MATERIALS AND METHODS: Thirteen children and young adults (8 female patients; age, 9.7 ± 7.1 years; range, 1–23 years) with Moyamoya disease underwent cerebral perfusion imaging with H2[15O]-PET (Discovery STE PET/CT, 3D Fourier rebinning filtered back-projection, 128 × 128 × 47 matrix, 2.34 × 2.34 × 3.27 mm3 voxel spacing) and arterial spin-labeling (3T scanner, 3D pulsed continuous arterial spin-labeling sequence, 32 axial sections, TR = 5.5 seconds, TE = 25 ms, FOV = 24 cm, 128 × 128 matrix, 1.875 × 1.875 × 5 mm3 voxel spacing) within less than 2 weeks of each other. Perfusion of left and right anterior cerebral artery, MCA, and posterior cerebral artery territories was qualitatively assessed for arterial spin-labeling–MR imaging and H2[15O]-PET by 2 independent readers by use of a 3-point-Likert scale. Quantitative correlation of relative CBF with cerebellar normalization between arterial spin-labeling–MR imaging and H2[15O]-PET was evaluated in a volume-based approach for each vascular territory after 3D image coregistration.
RESULTS: Interreader agreement was good (κ = 0.67–0.69), and strong and significant correlations were found between arterial spin-labeling–MR imaging and H2[15O]-PET for both qualitative perfusion scoring (ρ = 0.77; P < .001) and quantitative perfusion assessment of relative CBF with cerebellar normalization (r = 0.67, P < .001).

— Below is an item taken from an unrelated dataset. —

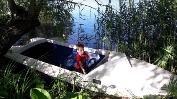 Ez egy új csónak itt a kis öblünknél és ráadásul könnyű belemászni 🙂 , remélem a gazdája sem veszi zokon, hogy néha Toma ebben “hajózik”, bár errefelé ezt nem szokták zokon venni, szerencsére 🙂 .

CONCLUSIONS: In children and young adults with Moyamoya disease, quantitative evaluation of CBF is possible with the use of arterial spin-labeling–MR imaging without ionizing radiation or contrast injection with a good correlation to H2[15O]-PET after cerebellar normalization.
ABBREVIATIONS:
- ASL
- arterial spin-labeling
- rCBF
- relative CBF
Children and young adults with Moyamoya disease have progressive bilateral stenosis of the supraclinoid ICA, anterior cerebral artery, MCA, and to a much lesser extent, the posterior cerebral artery, with formation of netlike collateral vessel networks, termed “Moyamoya” vessels.1 “Moyamoya” is the Japanese term for “puff of smoke” and describes the characteristic angiographic appearance of the collateral vessel networks typically formed at the skull base and around the basal ganglia in Moyamoya disease. The condition is rare; however, it is implicated in approximately 6% of childhood strokes.2 The main goal of treatment of children with Moyamoya is the prevention of future strokes by means of surgical revascularization.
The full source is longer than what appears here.